Этой ночью Эмма резко подскочила от странного шума, донёсшегося из комнаты родителей. Сначала девушка, посчитавшая это очередным сюрпризом судьбы, не хотела вставать, вмешиваться, разбираться, но, подумав, всё же решила проверить, в чём же заключалась животрепещущая проблема. Может, отец и вовсе уже расправился с матерью, оставив её окровавленный труп разлагаться в одной из тесных и неуютных комнат?
Стянув с себя одеяло, Эмма слезла с кровати и, окинув мимолётным взглядом мебель, тихонько выбралась из комнаты.
Тишина, зловещая, непроницаемая, казалась особенно жуткой после того оглушительного грохота, всполошившего весь дом. Но Эмму это не волновало, ведь для неё главным было — проверить, жива ли мать и не сотворил ли чего неладного отец, на закате дня находившийся в весьма дурном расположении духа. А остальное — не важно. Что бы ни случилось — оно не имело смысла, а значит, уделять ему внимание, тратя своё драгоценное время, не стоило.
Вот девушка уже стояла около комнаты родителей и, примкнув к двери, внимательно прислушивалась к звукам, какие, возможно, оттуда раздавались. До её ушей донеслись жалобные стоны, от которых обычному человеку сразу стало бы не по себе, и он бы, скорее всего, тут же съежился, словно ребёнок, ненароком наткнувшийся на страшную картинку в доброй книге сказок.
Эмма сначала, как и всегда, отреагировала равнодушно, не придав этим жутковатым звукам абсолютно никакого значения, по причине их невеликой важности. Вернее, равнодушно для себя нынешней. Равнодушно для голоса, обитавшего в глубинах ей сознания. Но не равнодушно для себя прежней, которая ещё могла пробудиться в нужный момент, широко раскрыв глаза, застланные дымкой вечной скуки.

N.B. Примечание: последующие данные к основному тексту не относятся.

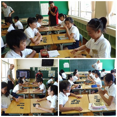 二人一組のゲーム形式で会話をしていました。ゲーム形式だと楽しく学習できる上に、発話する機会が多くなり、英語に対する抵抗が少なくなります。
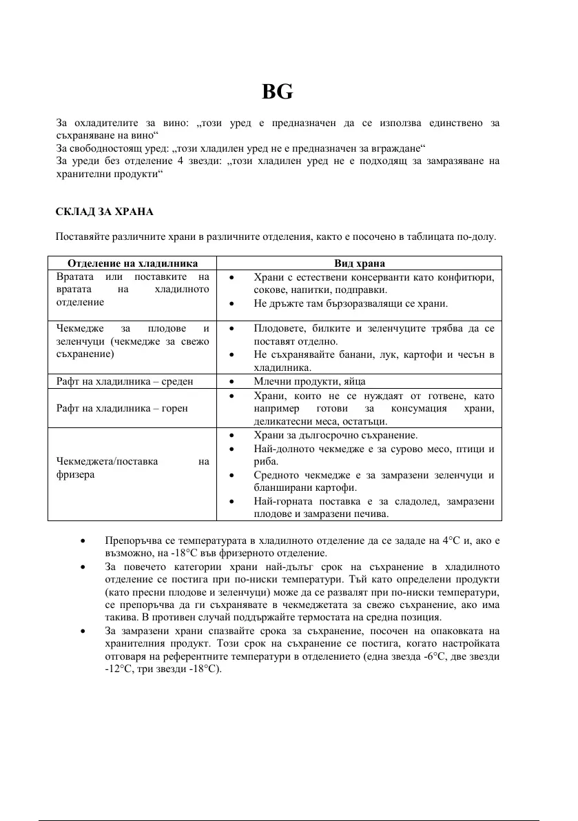 • За замразени храни спазвайте срока за съхранение, посочен на опаковката на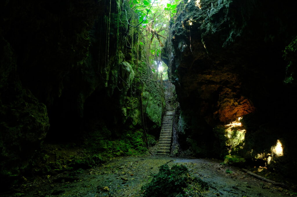 ヌドクビアブは、地上から見ただけでは想像もつかないほど深く、広さもある鍾乳洞です。戦時中は防空壕として使われていました。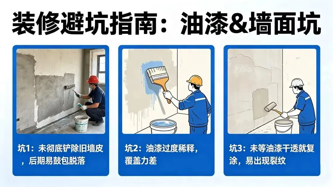 坑:基层没处理、腻子没干透就刷漆 解:挂网防裂,每遍工序干透再下一步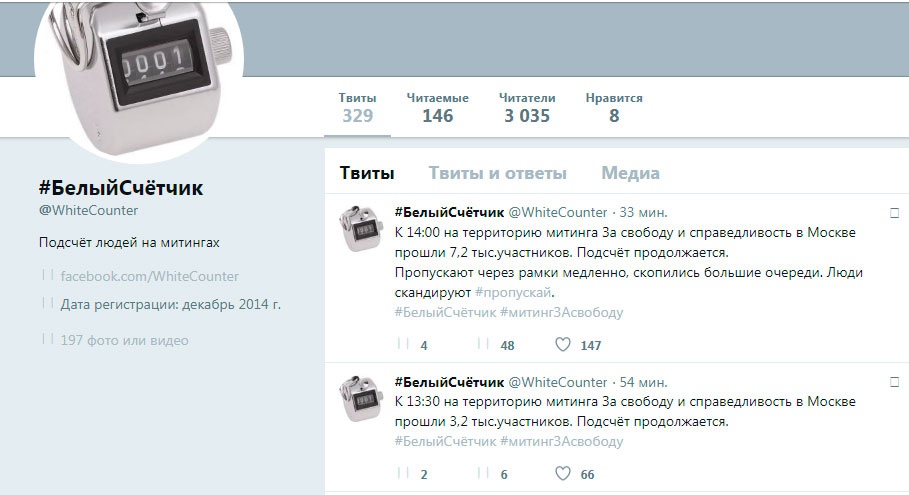 «Белый счетчик» явно куплен Путиным. Ибо даже на официальном сайте ГУ МВД России по г. Москве число участников вдвое выше: 15 тысяч. 15 тысяч лучших людей этой страны, не побоявшихся метеорологического оружия кровавого режима.

Сделав резкое движение, Эмма, словно опомнившаяся от недлительного забытья, распахнула поскрипывающую дверь и, пробравшись в комнату, пристально вгляделась в очертания объектов, что тонули в мягком ночном мраке. Попытка что-то увидеть окончилась неудачей, так как ничего, кроме смутных силуэтов дивана, комода, хилых цветов и нескольких маленьких зеркал, она не приметила.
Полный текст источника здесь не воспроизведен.